A Bumpy Road to the Future
Environmental groups and others have taken many of these moves to court — and made a few notable wins.
But even if the rules themselves are saved, it could still be years before the federal government regains momentum on grappling realistically with climate change, says Wentz, who runs the Climate Deregulation Tracker at Columbia University’s Sabin Center for Climate Change Law. As of Feb. 14 she has catalogued 113 anti-climate rollback actions by the administration since Trump took office.
That delay will be costly, Wentz says, because time has almost run out to avert catastrophic climate change.
“Every report we see from the IPCC and the United States’ own global climate research program [finds] that it is necessary for us to take urgent, immediate action,” says Wentz, “You have to have a very significant and rapid emissions reduction. And so the more we delay, the bigger the problem gets, and the harder it is to solve it, and the more we’re passing all of these costs to our kids and to future generations.”
It’s too soon to tell whether the new wave of hearings by House Democrats will weaken the pace of Trump rollbacks, or the administration’s attempts to give them a veneer of scientific validity. As I’ve covered in my newsletter, (de)regulation nation, the White House recently scored some legal victories of its own, including a federal court ruling in February that the government can waive dozens of environmental laws to build barriers along the Mexican border. A longtime climate change skeptic, Prof. John Christy of the University of Alabama, was recently named to a top EPA science panel. Meanwhile Wheeler, the EPA’s new administrator, is an experienced lobbyist who will likely avoid the sorts of ethics violations that brought down his former boss, Scott Pruitt, and craft rollbacks more carefully to survive court challenges.

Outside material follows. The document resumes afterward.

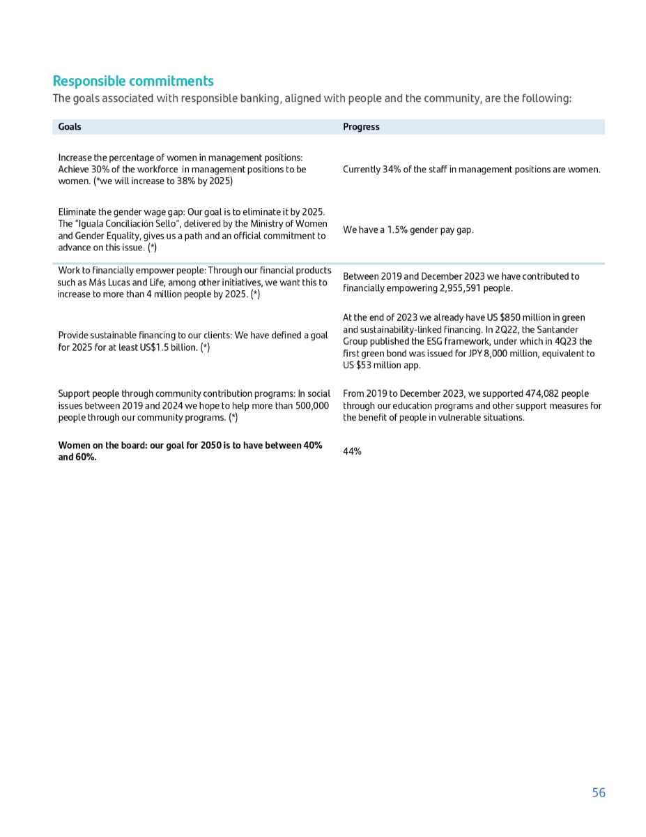 R e s p o n s i b l e c omm i t m e n t s与负责任的银行业务相关的目标,与人和社区保持一致,如下:目标进展提高女性在管理职位的百分比:实现管理职位中30%的劳动力为w o m e n。(* W e w i ll i n c r e a s e t o到2025年38%)目前管理岗位上34%的工作人员是女性。消除性别工资差距:我们的目标是到2025年消除它。由妇女和性别平等部提供的“Iguala Conciliaci ó n Sello”为我们提供了一条道路,并为我们在t h i s i ss u e上的a d v a n c e提供了官方承诺。(*)W e h a v e a 1。5% ge n de r p a y g a p。致力于为人们提供金融赋权:通过我们的金融产品,例如M á s Lucas和Life,以及其他举措,我们希望到2025年这一数字增加到超过400万人。(*)B e t w ee n 2019 a n d d d e c e m be r 2023 w e h a v e c on t r i b u t ed t o财政赋权2,955,591人。为我们的客户提供可持续融资:我们已经定义了一个目标f o r 2025 f o r a t l e a s t 1美元。5 b i ll i on。(*)截至2023年底,我们已经拥有8.5亿美元的绿色和可持续发展相关融资。2Q22,Santander Group发布了ESG框架,根据该框架,在4Q23,the f i rs t g r ee n b on d w a s i ss u ed f o r j p y8,000 mi ll i on,eq u i v a l e n t o US $ 53 mi ll i on a pp。通过社区贡献计划支持人们:在2019年至2024年的社会问题上,我们希望通过我们的社区计划帮助超过500,000人。(*)从2019年至2023年12月,我们通过教育计划和其他支持措施支持了474,082人,用于t h e be n e f it o f pe o p l e i n v u l n e r a b l e s it u a ti on s。董事会中的女性:我们2050年的目标是拥有40%到60%之间。44 % 56

Still, Trump’s zeal for environmental rollbacks played a part in 2018’s “blue wave” of Democratic electoral victories, notes Whitman, and will likely factor into 2020’s presidential and Senate elections for Republicans as well as Democrats.
“He controls the levers of power right now within the party, so I think it’s going to be very hard,” she says. “We’ll have to wait it out and then we’ll have to get to a point where [voters] realize that they can make the changes, and that this is something they want to do.”